Directions ▸ Set down the line containing "上周,人民币对美元中间价累计" and each line after it through the last line of the records, exactly, leaving pictures out.

Listed entries ▸
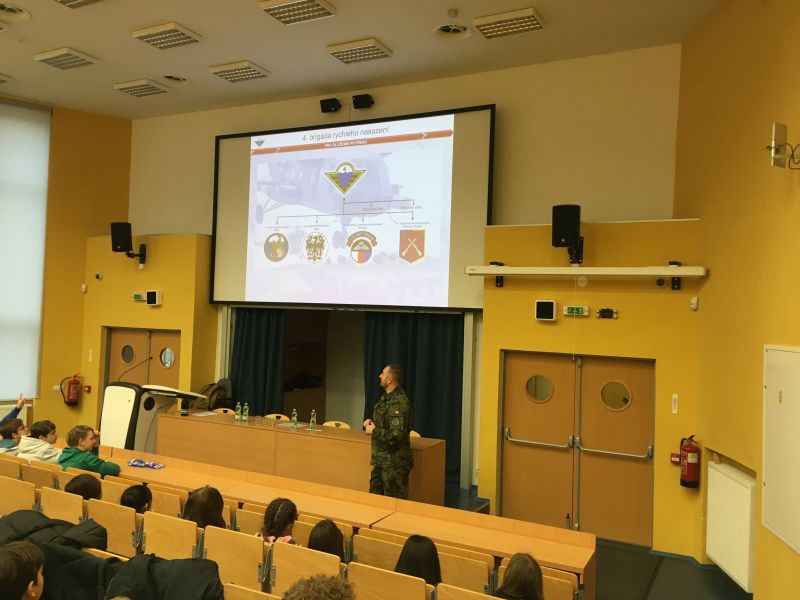 Po úvodních informacích o službě v AČR a u jednotek 4. brn, o mezinárodních operacích od počátku 90. let 20. století do současnosti, přešel přednášející k velmi poutavému vyprávění o svých osobních zážitcích zejména z vojenských misí v Afghánistánu. Beseda, do které se někteří žáci aktivně zapojili, byla doplněna prezentací s autentickými fotografiemi z výcviku českých vojáků nebo přímo z bojových akcí. Kromě mnoha zajímavostí z vojenského prostředí si snad žáci odnesli i životní zkušenost českého veterána, a to, že člověk by se měl všechno učit co nejlépe, protože nikdo nikdy neví, kdy se mu budou získané znalosti hodit. Na závěr besedy byl přednášející oceněn zaslouženým potleskem všech přítomných.
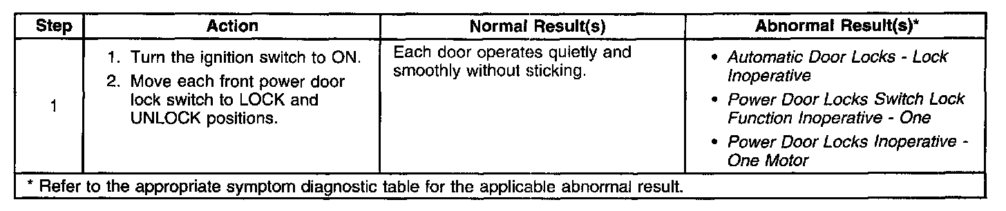 Power Door Locks System Check:
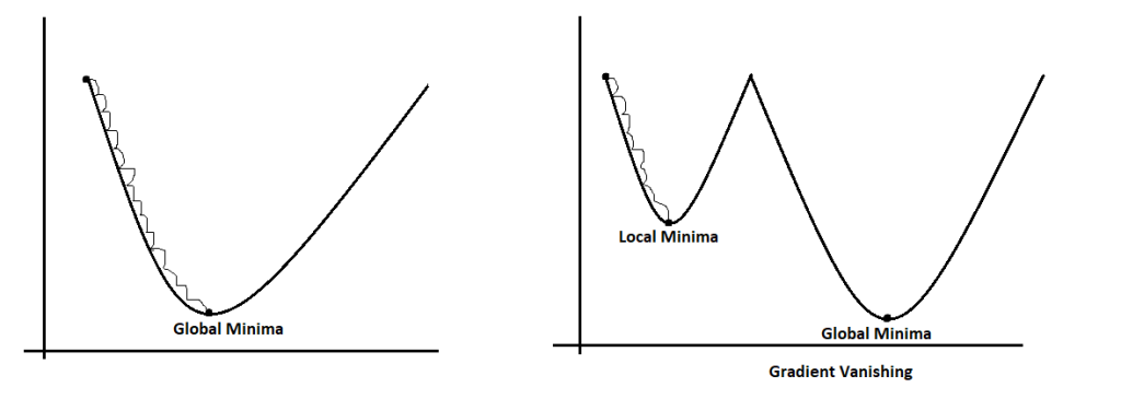 Memorize the above ball and basket game; if the learning rate is too small, we face the gradient vanishing problem. Like in his first attempt, the boy couldn’t achieve success, and the ball fell before the basket. Similarly, gradients can’t reach a particular destination, which is known as the global minima. Instead of that, it stuck at the local minima.
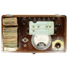 | Mit dem Modell W3 beginnt die 2. Generation von Patent-Röhrenprüfgeräten von Funke. Wie das Modell W1 ist es als Tischgerät für Wechselstromanschluss ausgelegt. Das Gerät bietet verschiedene Heizspannungen und mehrere Anoden- und Hilfsgitterspanungen. Das Gerät besitzt ein großes, rundes Anzeigeinstrument mit Chromrand. Es bietet neben der Röhrenprüfung auch Röhren-Krachelkontrolle, Kennlinienaufnahme, Messung von Hochohmwiderständen, Kondensatoren Spannungsfestigkeit, Gleichstrommessung bis 100mA und Gleichspannungsmessungen bis 250 Volt. Inklusive Ergänzungslieferungen umfasst der Prüfkartensatz ca. 230 Karten. | |
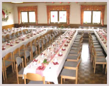 Räumlichkeiten für FesteGemeindehalleDie Gemeindehalle dient nicht nur für Großveranstaltungen, sonder bietet auch genügend Platz für Familienfeiern aller Art.Anfragen per Mail an IOrtsbürgermeister Mario Heinrichs:ortsgemeinde@langenfeld-vordereifel.de
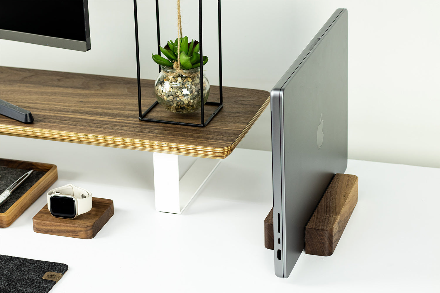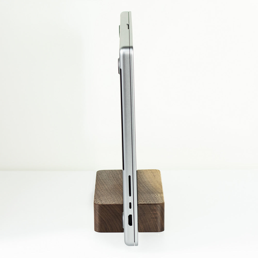 Betreten Sie ein Reich der Eleganz mit dem rechteckigen vertikalen Ständer aus erstklassigem amerikanischem Walnussholz. Er wurde speziell für die Aufnahme einzelner Geräte entwickelt – sei es ein Laptop, ein MacBook oder ein Tablet – und bietet eine elegante und effiziente Aufbewahrungslösung.
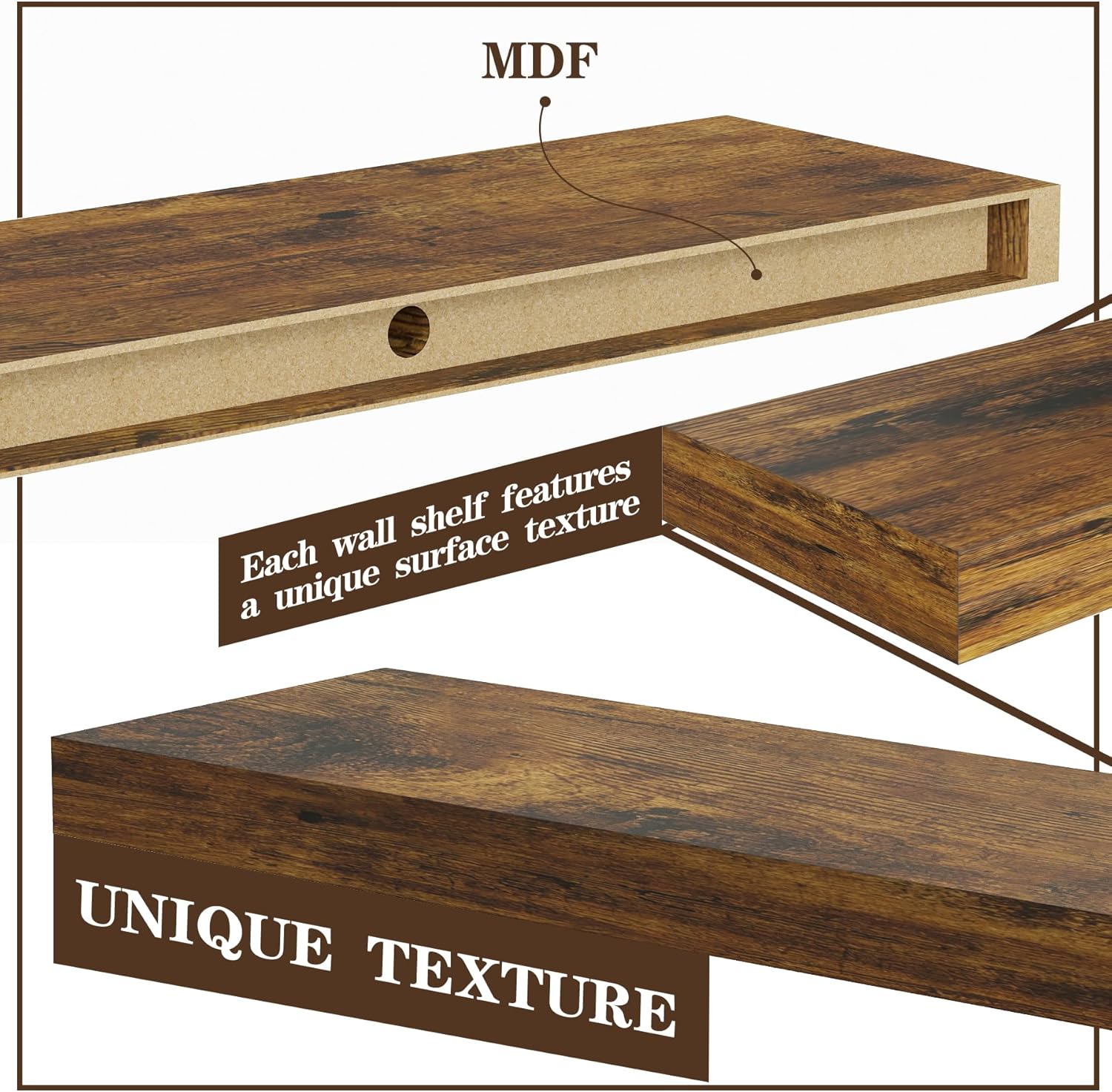 - GREAT FOR ANY ROOM: Our wood floating shelves are made of MDF with a frosted surface texture for a mordern feel that blends perfectly into a variety of different scenes; Having this large floating shelf not only for its decoration effect, but also for its high practicality; It can be used for organizing all household rooms, such as bedroom, living room, study, toilet, cloakroom, even kitchen and warehouse
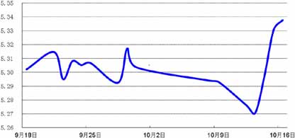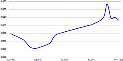 上周,人民币对美元中间价累计小幅升值0.09%,周五报6.3436;由于国内经济数据不佳,人民币对美元即期市场成交价并未跟随中间价上涨,当周累计下跌0.12%,周五收于6.3529。
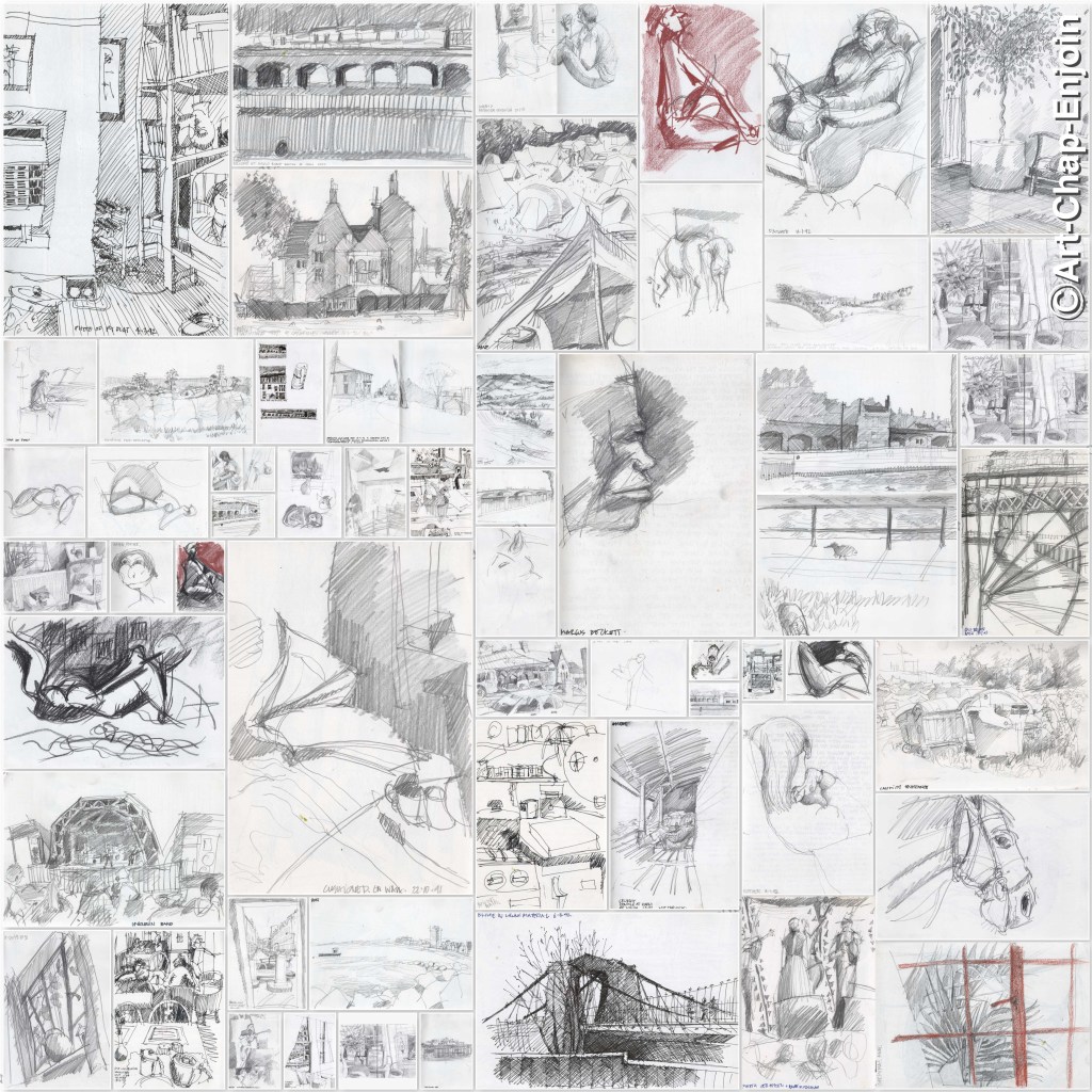 Here is the second video and collage I put together from the scans I made from the first of my old sketchbooks. These sketches were done in the UK and are mostly black and white, done in ink or charcoal.

Your solution ▸
 上周,人民币对美元中间价累计小幅升值0.09%,周五报6.3436;由于国内经济数据不佳,人民币对美元即期市场成交价并未跟随中间价上涨,当周累计下跌0.12%,周五收于6.3529。
 Here is the second video and collage I put together from the scans I made from the first of my old sketchbooks. These sketches were done in the UK and are mostly black and white, done in ink or charcoal.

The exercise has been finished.